Ces étendues d’eau libre au milieu de la banquise, semblables à des trous de glace, sont encore peu étudiées malgré leur importance au niveau des océans, du climat et de l’écosystème antarctique. « Ce sont de véritables machines à production de glace, qui contribuent à la formation des eaux profondes et sont un accès à l’océan pour les oiseaux marins et à l’air pour les mammifères marins. Ce sont aussi les premières zones exposées à la lumière au printemps comparées aux zones couvertes de glace, et donc l’efflorescence du phytoplancton y est très importante rendant ces zones très riches biologiquement ».
Immersion en environnements extrêmes
Le parcours académique de Sara Labrousse a été ponctué d’expéditions dans des terres hostiles aux hommes, qui n’ont fait que nourrir toujours plus son admiration pour le monde animal.

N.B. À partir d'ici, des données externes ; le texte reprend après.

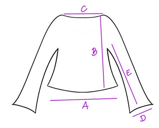 E – Largo de manga 38 cm.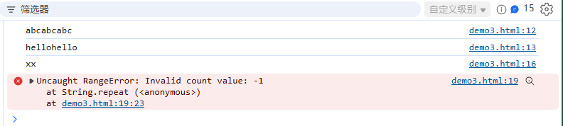 // console.log("x".repeat(-1)); // RangeError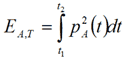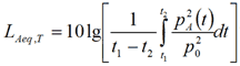 w którym pA(t) jest chwilowa wartością ciśnienia akustycznego skorygowanego charakterystyka częstotliwościową A sygnału akustycznego scałkowanego w przedziale czasu T, zaczynającym się w chwili t1 i kończącym się w chwili t2. Czas, T, mierzony w sekundach, jest zwykle wybierany tak, aby odpowiadał całkowitej dziennej ekspozycji na hałas (zwykle 8h, 28 800 s) lub dłuższemu okresowi, który ma być określony, np. tygodniowi pracy. Źródło: PN-ISO 1999:2000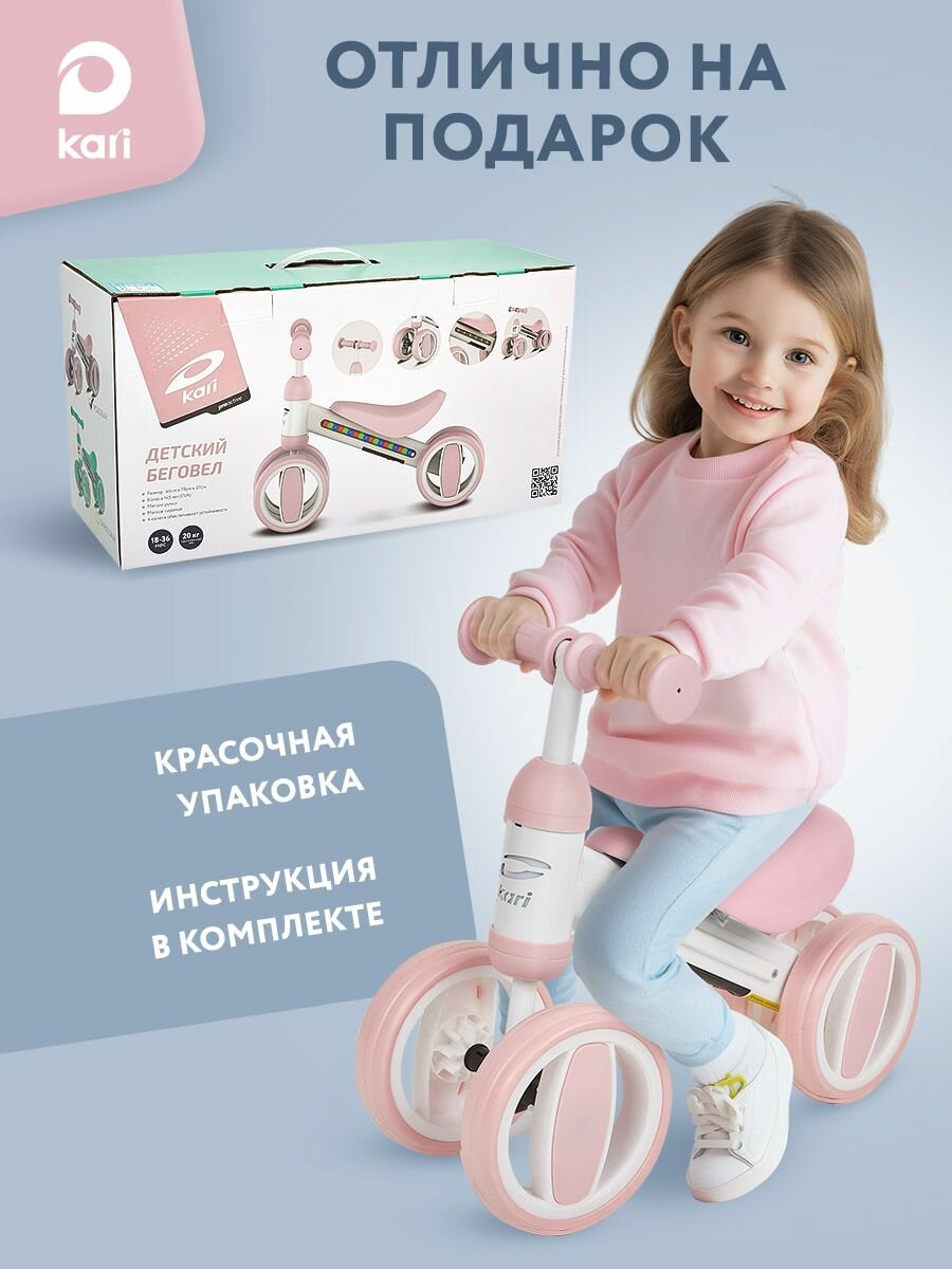 Купить Беговел детский четырехколесный со светящейся рамой, розовый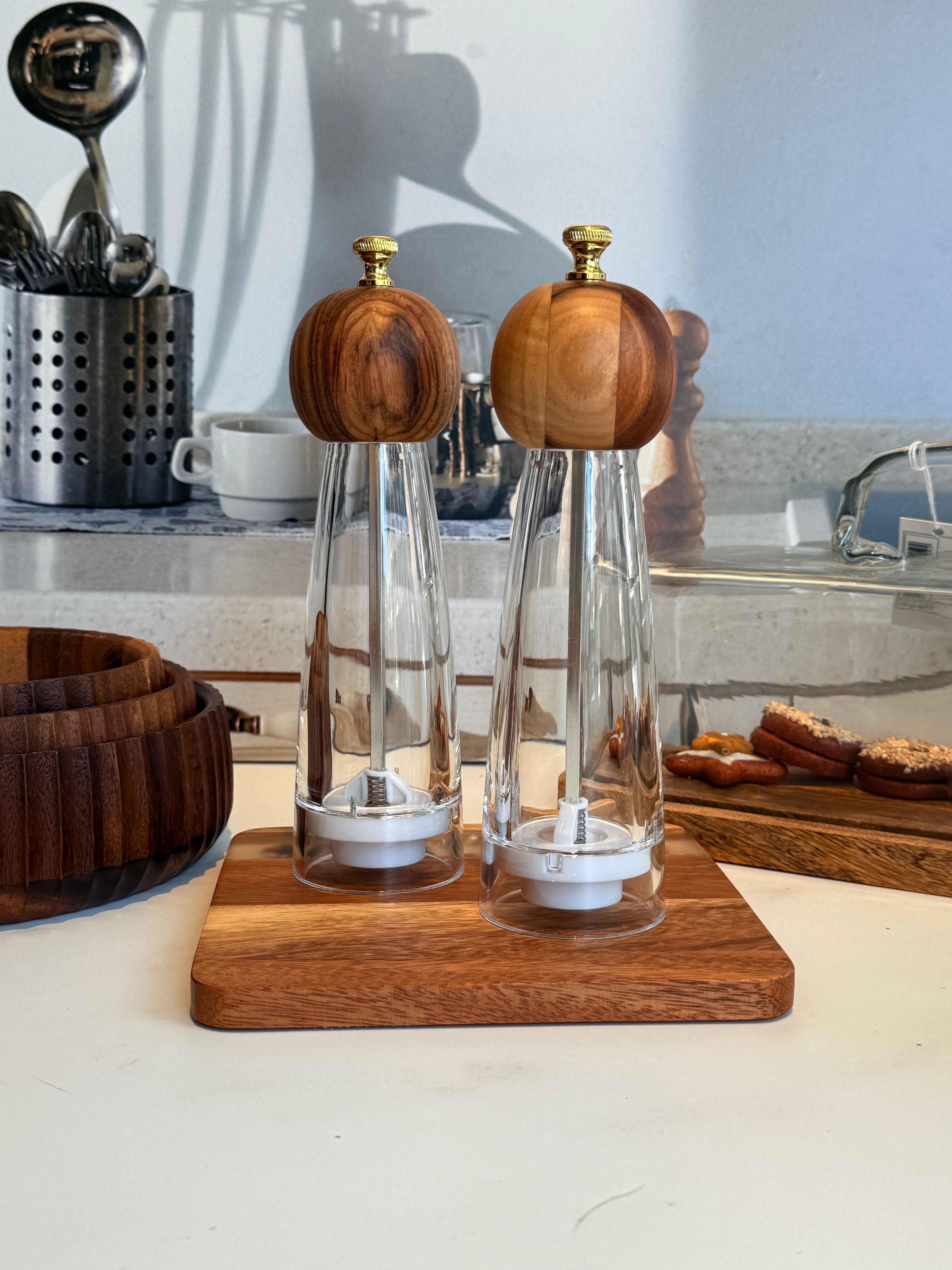 Bambu Tuzluk-Karabiber Değirmeni 2 'Li Mutfakta hem işlevselliğe hem de estetiğe önem verenler için tasarlanmış bu zarif biber ve tuz değirmeni, doğal bambu kapağı ve şeffaf akrilik gövdesiyle hem modern hem de doğal bir görünüm sunar. Baharatlarınızı taze taze öğütmenin en şık yolu!

Lors de sa première expérience dans les îles Kerguelen en 2014, elle vit trois mois auprès des éléphants de mer, pendant la saison de reproduction. « Vivre à Kerguelen est très particulier. On est vraiment coupé du monde, sans connexion Internet, on s’éclaire à la bougie le soir… On passe nos journées entières dans la colonie, parmi les animaux… C’est extraordinaire » se souvient-elle.
Début 2017, elle embarque sur un brise-glace anglais au départ du Chili pendant deux mois, pour aller équiper de balises des phoques en Antarctique. Fin 2018, elle rejoint la base antarctique américaine McMurdo, pour participer à une opération de comptage de manchots empereurs en survol aérien… Dans un souci de transmission, elle a documenté ces deux campagnes dans des blogs. Elle a tenu à publier ces journaux de bord animée à la fois par l’envie de rendre accessible son travail scientifique, mais aussi de sensibiliser un maximum de gens à la protection de l’environnement et des espèces.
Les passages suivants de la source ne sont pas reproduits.